Das schleichende Gift der Bilder ist nicht harmlos. Wer ständig Games benutzt, die alle Details von Töten nicht nur darbieten, sondern simulierend agieren lassen, wird nicht allein deswegen zum Täter, aber er hat alle Muster zur Verfügung, die er benötigt, wenn eine Situation wie in Littleton oder Erfurt entsteht. (Foto: N/A)

Seit Anfang der neunziger Jahre haben mehrere männliche Jugendliche in ihren Schulen Massaker verübt. Sie haben Rache an ihren pädagogischen Institutionen genommen. Betroffen sind zumeist nicht einzelne Lehrkräfte, die Objekt von persönlichem Hass wären, sondern die öffentliche Einrichtung selbst, die Schule. Die Täter reagieren anscheinend auf individuelle Kränkungen, für die etwas Abstraktes, nämlich eine gesellschaftliche Institution, verantwortlich gemacht wird. Es ist kein Zufall, dass der Täter von Erfurt mit seinem Amoklauf aufhörte, als er mit der Person eines Lehrers konfrontiert wurde, der ihm auf den Kopf zu sagte, was er getan hat.

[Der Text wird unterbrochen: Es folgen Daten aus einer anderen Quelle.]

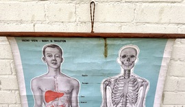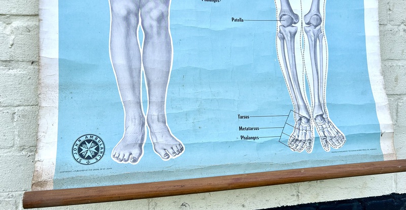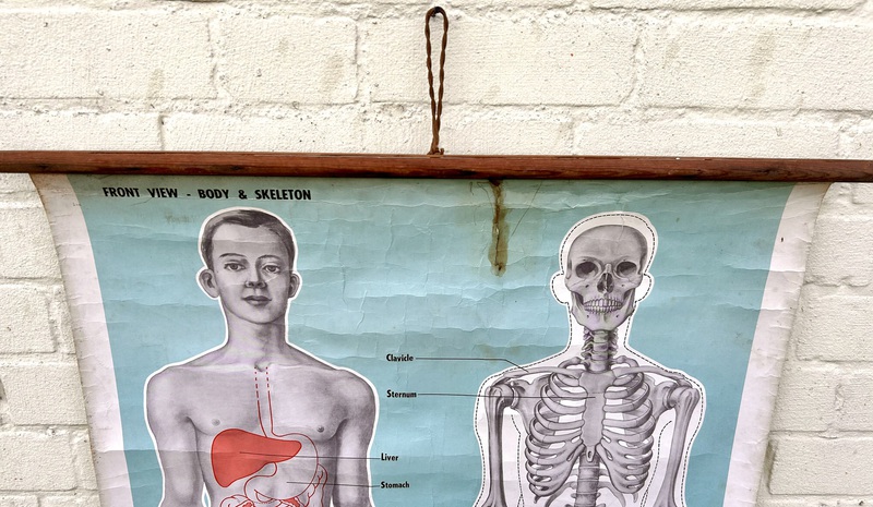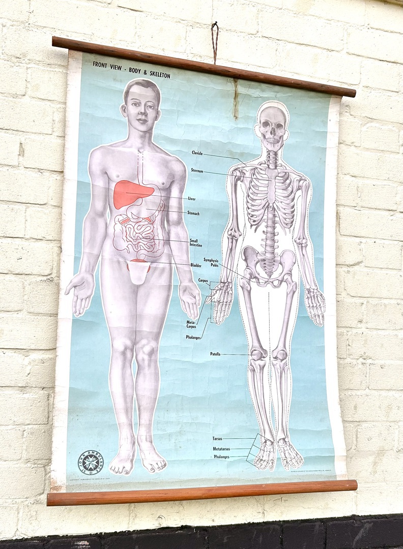 Description: Dating from the early 20th century, this fantastic large anatomical chart is a great piece of medical history, offering a great insight into the human body and skeleton. Complete with original wooden slates, the chart being produced by ST John ambulance and is a fantastic piece of wall art.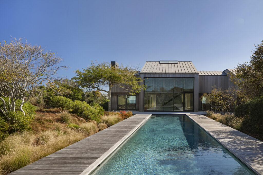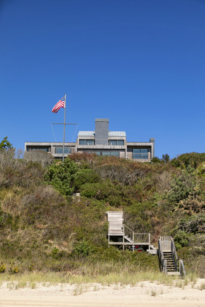 This project focused on creatively renovating and transforming an outdated home that became unsuitable for its beachfront environment into a contemporary home that reflected the landscape that surrounded the property. Working in tandem with landscape architecture firm, LaGuardia Design Group, the resulting intervention created a home that formed a symbiotic relationship with the dunes, ocean, and native plants of the area. Employing a natural material palette for the exterior cladding and decking, the built environment seamlessly connects to the landscaped components of the site. Utilizing the embodied carbon of the existing residence, the design accommodates the existing architecture in more sustainably oriented ways.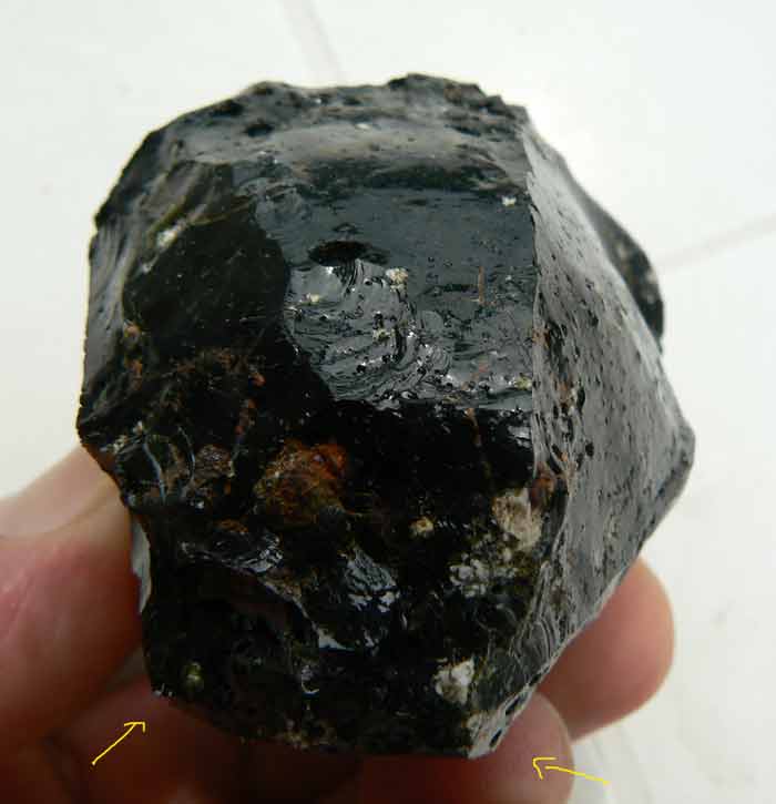 Les taches blanches sont des petits grains de quartz blanc, on y voit aussi des trace d'oxyde de fer, j'ai mis des petites flèches jaunes pour délimiter ce que j'appelle la ' pointe ', l'endroit vers ou convergent les enlèvements afin de s'y retrouver dans les photos. Qu'en pensez-vous ? Merci pour vos avis.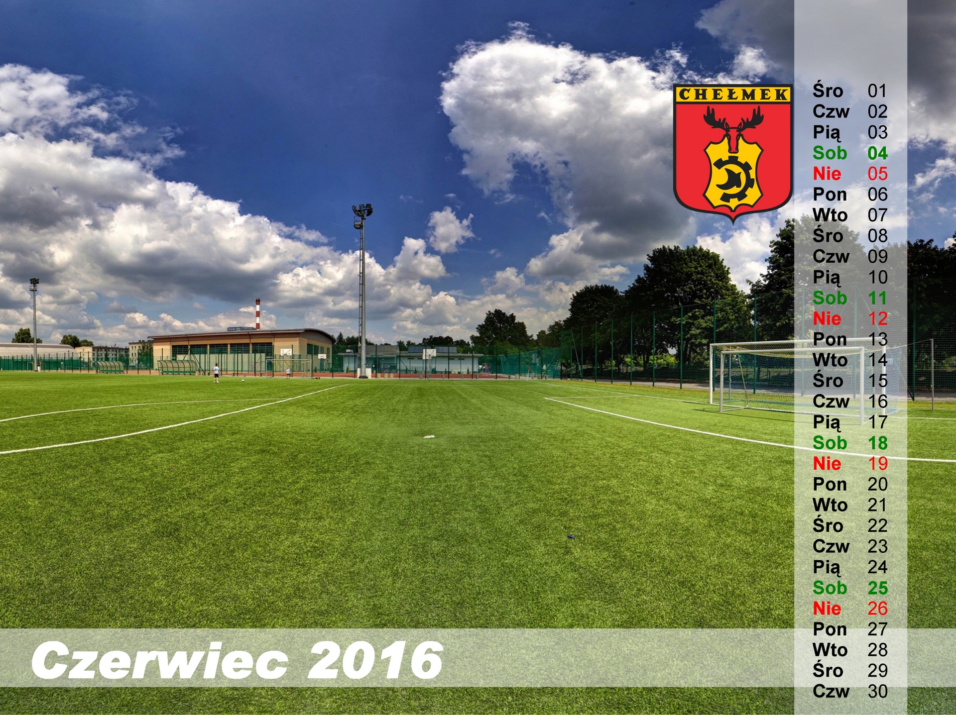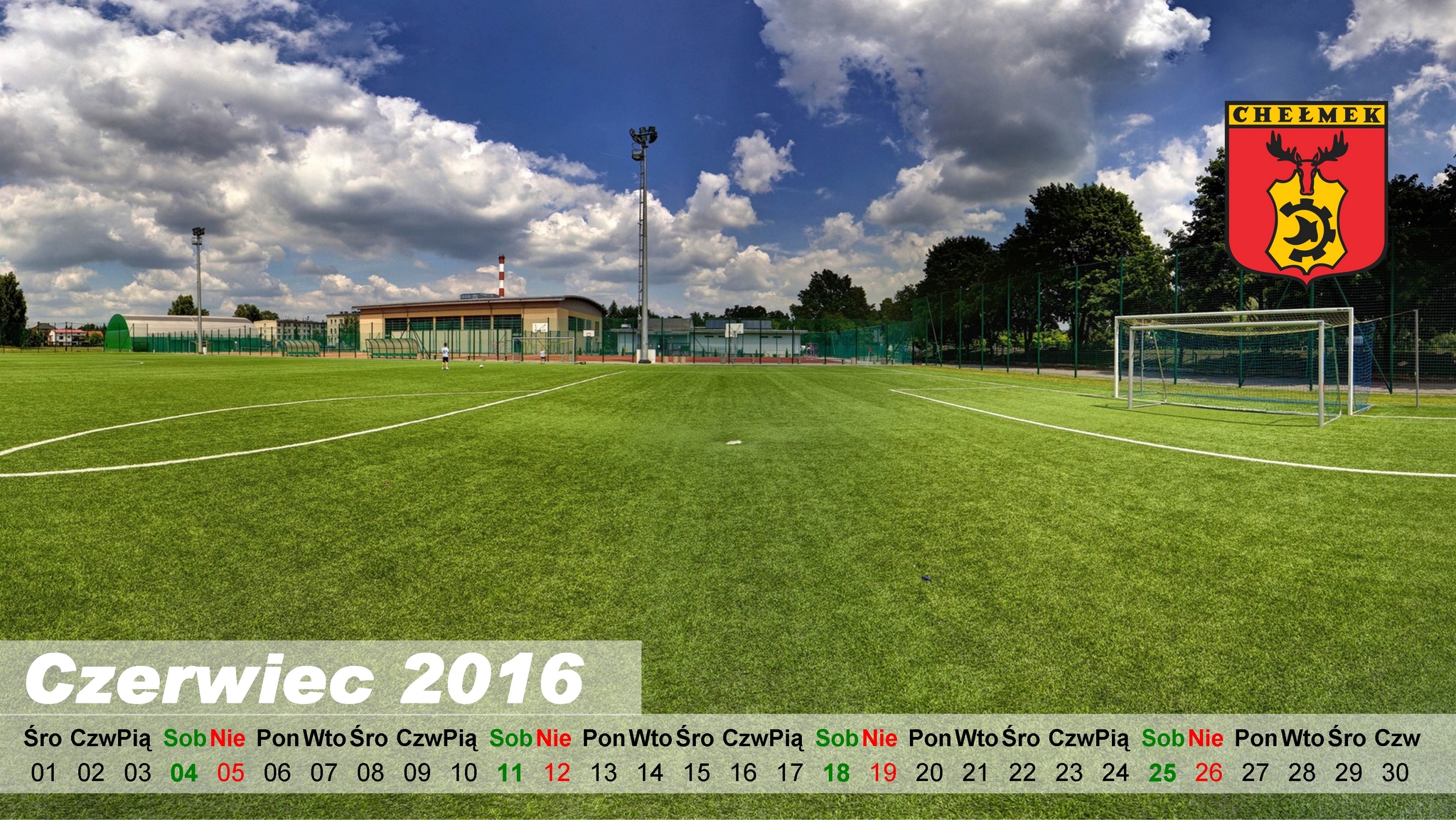 Przygotowaliśmy kolejne zdjęcie z kalendarzem, które można pobrać i ustawić jako tapetę pulpitu na komputerze. Poniżej dostępne są cztery wersje w najpopularniejszych rozmiarach. Tym razem na czerwcowym kalendarzu znalazło się zdjęcie, przedstawiające boisko w Centrum Sportowym w Chełmku. Aby pobrać tapetę z kalendarzem wystarczy kliknąć w link z podaną rozdzielczością ekranu (dostępny poniżej), następnie kliknąć prawym przyciskiem myszy i wybrać polecenie "ustaw jako tapetę". Zachęcamy do pobierania.

Was an solchen Fällen abzulesen ist, lässt sich nicht als wachsende Gewalt-, sondern als wachsende Tötungsbereitschaft in der Öffentlichkeit bezeichnen. Hier liegt auch die Gemeinsamkeit mit den Massakern im Parlament des Schweizer Kantons Zug und in der Gemeindeversammlung im französischen Nanterre. An beiden Orten traten erwachsene Männer auf, die gewählte Volksvertreter wahllos töten wollten, um wiederum eine gesellschaftliche Institution zu treffen. In keinem dieser Fälle ging es um persönliche Bereicherung, vielmehr wurden Handlungen vollzogen, die als Fanal der eigenen Person gedacht waren und bei denen das Leben des Täters von Anfang an unter die Opfer eingerechnet wurde.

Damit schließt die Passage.